Power Pledge: Website design and development

Overview

Summary

Designing and building a non-profit organization’s homepage.

My Role

UX Consultant | Designer | Developer

Responsibilities

Goal setting | Stakeholder design reviews | Design | Frontend and Backend Development

Worked with

Non-profit founders

Company

Power Pledge

Artifacts created

Wireframes | High-fidelity designs | Interactive prototypes | Logo design & Branding | Website | Backend server

Tools

Figma | Caddy web server | Node.js | HTML/CSS | Haxe/JavaScript

Power Pledge is a non-profit organization that needed a web presence. Working closely with the client, I designed and built a new website for them.

Goals

Power Pledge's needs primarily focused on designing and building a responsive landing page that would allow users to easily view and consume their content on any device. The work also included logo design and front-end and back-end development.

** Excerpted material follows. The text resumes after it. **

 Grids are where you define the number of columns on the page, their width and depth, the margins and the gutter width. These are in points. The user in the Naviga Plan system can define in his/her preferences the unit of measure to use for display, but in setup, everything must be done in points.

An image showing a screenshot of the Power Pledge website.

A screenshot showing the www.powerpledgeproject.org landing page.

Process

For the initial start of this project, meetings were regularly held to gain better knowledge and understanding in the non-profit's overall goals, answer questions, hold brainstorming sessions, and conduct design reviews.

One of the very first collaborative actions we took was to look at a few competitor/comparative websites that are within the same domain as Power Pledge. This facilitated early conversations about what type of content should be prioritized, what kinds of layouts would make it easiest for users to navigate the site, how Power Pledge would position itself differently, and what interactions might be needed on the site.

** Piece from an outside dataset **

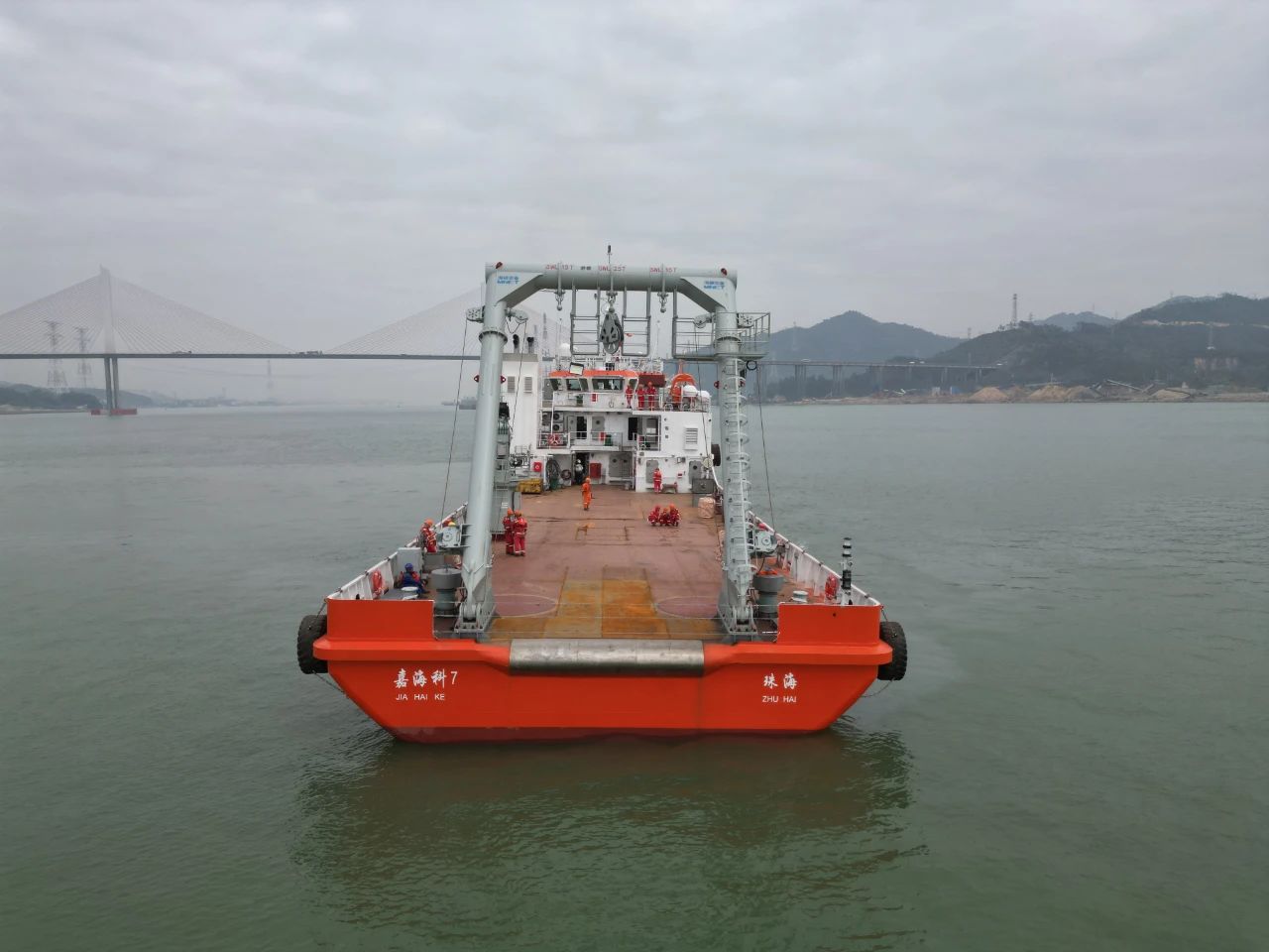 由珠海嘉海海洋科技有限公司投資建設(shè)、廣州打撈局江門有限公司承建、浙江欣海船舶設(shè)計(jì)院股份有限公司設(shè)計(jì)的“嘉???”號(hào)2000噸級(jí)科學(xué)調(diào)查船近期順利交付。“嘉???”號(hào)主要用于近海海洋地質(zhì)勘測(cè)并兼顧遠(yuǎn)海海洋科學(xué)調(diào)查,是一艘具有海洋地質(zhì)勘查及研究功能的綜合調(diào)查船。該船從開工到建成,建設(shè)各方全力配合,耗時(shí)12個(gè)月,順利交付。

After several rounds of working sessions, design reviews, and feedback, I built the site using HTML, CSS, and JavaScript (via Haxe). The back-end was built using Node.js to facilitate sending email notifications when a user submits the Contact Us form.

An image of a Contact Us form shown with and without errors.

The Contact Us form design on powerpledgeproject.org

The above two mobile screenshots show the Contact Us form. The one on the right shows error messages that will appear if certain form fields are left empty or invalid (e.g. phone number). Even though the phone number label explicitly states a format to use, many other formats are accepted (e.g. 123.456.7890, 1234567890, etc) to minimze input mistakes made by users that should be valid.

An animation showing the submit button's 'submission' state.

The submit button's submission state.

In addition, when the user submits the form the Submit button becomes disabled, to prevent repeated submissions, and updates visually to provide feedback to the user that their click interaction actually did something. When the submission succeeds (or fails) the Submit button will reset allowing the user to submit again.